Convert mols H2 to mols H2SO4 using the coefficients in the balanced equation.
Then M H2SO4 = mols H2SO4/L H2SO4. You know mols and M, solve for L and convert to mL if desired.

To find the minimum amount of 5.9M H2SO4 necessary to produce 27.7g of H2 according to the given reaction, we need to set up a stoichiometry calculation.

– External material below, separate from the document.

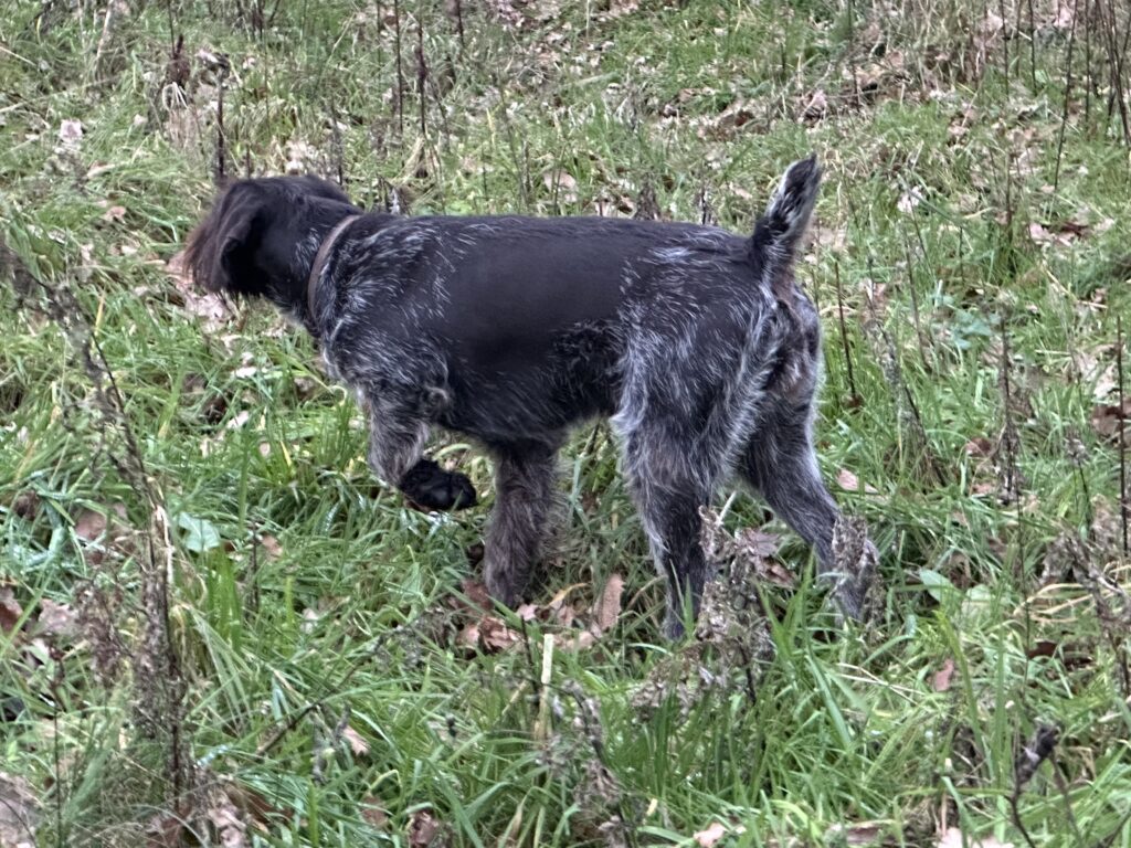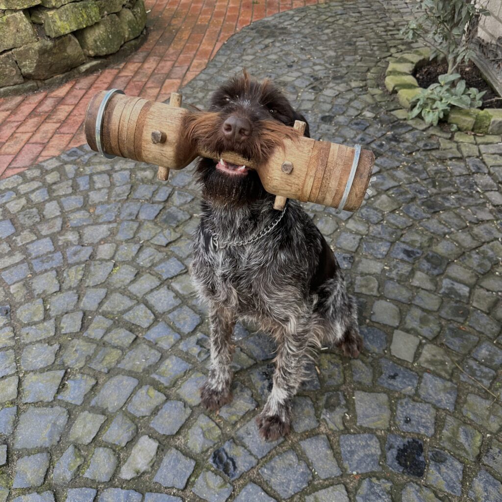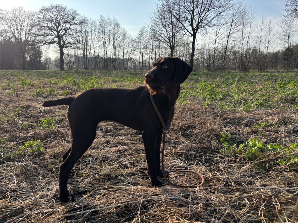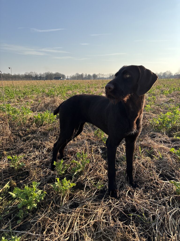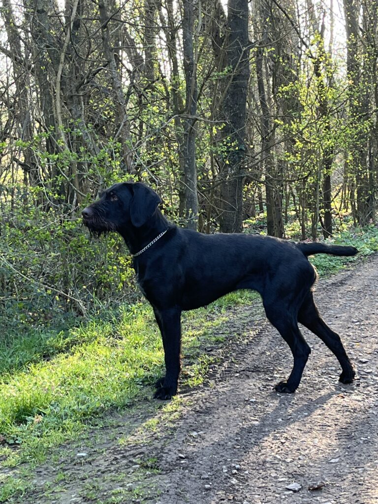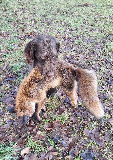 Beschreibung des Hundes: Kessy ist eine Hündin im Mittelschlag mit anliegendem Drahthaar und Jagderfahrung. Sie wurde in dieser Saison von mir auf Niederwildjagden, beim Entenstrich sowie zur Lockjagd (Krähen, Gänse und Kormoran) im eigenen Revier eingesetzt. Dabei ist sie absolut standruhig. Auch auf Drückjagden habe ich sie geführt, sodass sie bereits erste Sauen sprengen konnte. Sie zeigt einen ausgeprägten Finderwillen bei sehr guter Führigkeit. Man merkt, wie sie bei jeder Arbeit an Erfahrung gewinnt. Kessy wird aufgrund eigenen Nachwuchses abgegeben. Sie wurde im Zwinger in Gruppenhaltung mit angeschlossenem Auslauf gehalten. Kessy ist ruhig im Umgang und verträglich mit Artgenossen. Eine Hündin, mit der man in der nächsten Jagdsaison viel Freude haben wird.

Let's start by finding the molar mass of H2. Hydrogen gas (H2) has a molar mass of approximately 2 g/mol.

Next, let's convert the given mass of H2 (27.7g) to moles. We can use the molar mass of H2 to do this calculation.

27.7g H2 × (1 mol H2 / 2 g H2) = 13.85 mol H2

According to the balanced equation, the stoichiometric ratio between H2 and H2SO4 is 3:3. It means that for every 3 moles of H2 produced, we need 3 moles of H2SO4.

So, we can calculate the moles of H2SO4 using the ratio:

13.85 mol H2 × (3 mol H2SO4 / 3 mol H2) = 13.85 mol H2SO4

Now, we know that 13.85 moles of H2SO4 are required to produce 27.7g of H2.

To find the minimum amount of 5.9M H2SO4, we need to calculate the volume (in liters) of 5.9M H2SO4 that contains 13.85 moles.

The definition of molarity (M) is moles of solute divided by the volume of the solution in liters:

M = mol solute / L solution

Rearranging the equation and plugging in the given values:

(5.9 mol H2SO4 / 1 L H2SO4) = (13.85 mol H2SO4 / V L H2SO4)

Solving for V (volume):

V = (13.85 mol H2SO4) / (5.9 mol/L)

V ≈ 2.35 L

Therefore, the minimum amount of 5.9M H2SO4 necessary is approximately 2.35 liters.